Phase I studies: Researchers test a new drug or combinations of drugs or a new treatment in a small group of people to evaluate the safety, determine a safe dosage range, and identify side effects.

Phase II studies: The drug or treatment is given to a larger group of people to see if it is effective and to further evaluate its safety, usually in a specific type of cancer.

Answers from https://www.cancer.gov/about-cancer/treatment/clinical-trials/what-are-trials/phases

Will a clinical trial help me?

We hope that you will get personal medical benefit from taking part in a clinical trial, but we cannot be certain. Because investigational drugs are used in our clinic, we do not know if you will benefit from taking part in a study, although the knowledge gained from clinical trials may help others in the future who have cancer.

What do I have to do/sign to take part?

Taking part in NIH research is entirely voluntary. Therefore, we ask each patient to sign an informed consent form prior to enrolling on any clinical trial. The informed consent process will take place with a research team member and will describe the research study. Before you decide to take part, please take as much time as you need to ask any questions and discuss the study with anyone at NIH, or with family, friends, or your personal physician or other health professional.

Who can participate in National Cancer Institute Developmental Therapeutics Clinic trials?

Clinical trials in the Developmental Therapeutics Clinic (DTC) at the NIH Clinical Center are open to patients with cancer, regardless of where they live in the United States. Our patients have usually been treated unsuccessfully with standard-of-care therapy for their cancer and are seeking alternative treatment options.

How do I know if I am eligible to participate?
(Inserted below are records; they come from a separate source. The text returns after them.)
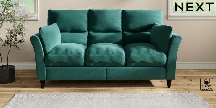 7.2.10 Buy Hartley Highback Relaxed Sit 3 Cushion 3 Seater Sofa Fine Chenille Easy Clean Dark Juniper Green Low Conical - Dark from the Next UK online shop Click here to use our accessible website
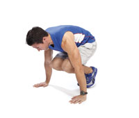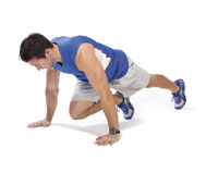 Squat thrusts In a full plank position, with straight arms and balancing on your toes and hands, quickly jump both knees in toward your chest, aiming for feet landing between your hands, and back out again. Continue without stopping. |
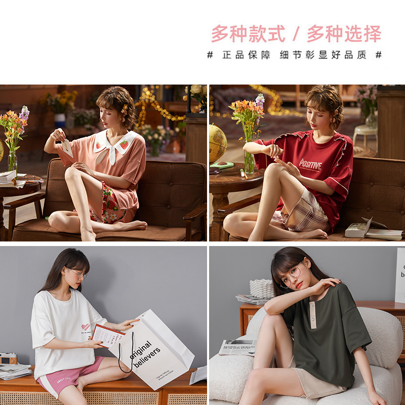 South Pole Pyjamas Women's Summer Pure Cotton Short Sleeve Shorts Cute Day Ensemble can be worn outside suit thin spring and autumn home clothes

Each potential participant is reviewed for preliminary eligibility for DTC trials prior to scheduling a visit to the DTC. While there are some general inclusion/exclusion criteria that must be met by all participants, our providers review each patient’s records individually to determine whether they are potentially a suitable candidate. The referral coordinators will work with you and your physician to acquire all of the necessary records for this review process. For more information, please contact our Referral Coordinators.

Who should I talk with about participating?

We encourage you to talk with your friends, family, local physicians, or anyone else who might help you make the best possible decision. Before patients begin cancer treatment, it is important that they talk with their health care professional about all available treatment options, including whether enrolling in a cancer clinical trial may be right for them. Participating in a clinical trial is an important decision, and we welcome the chance to discuss any questions or concerns you might have regarding our studies or individual procedures.

Where can I participate?

Patients are required to travel to the NIH Clinical Center in Bethesda, Maryland, to participate in any of the DTC’s clinical trials. However, the frequency and duration of those visits may differ based on the specific trial and whether some procedures, including labs and physical exams, may be able to be completed at your local oncologist’s office. Please review the protocol consent form for the required visit days at the clinical center.

How much does it cost to participate?

There is no charge for medical care received at the NIH Clinical Center. Patients will be responsible for travel costs for their initial screening visit. In most cases, once patients are enrolled in a trial, the NCI will pay some of the transportation costs for all subsequent trial-related visits for patients who do not live in the local area. In addition, these patients will receive a small per diem payment to help offset the costs of meals and lodging if they are being treated as outpatients. It will be important to maintain your current insurance plan to cover all medical care that is provided away from the NIH Clinical Center.

Do I keep my local oncologist?

We require all patients referred to the DTC to have a primary oncologist or care team. We will partner with them throughout the clinical trial in order to ensure that you have care available for all issues or problems outside the scope of the trial. We will work with them to ensure that pertinent information is shared and to monitor your safety while on the trial.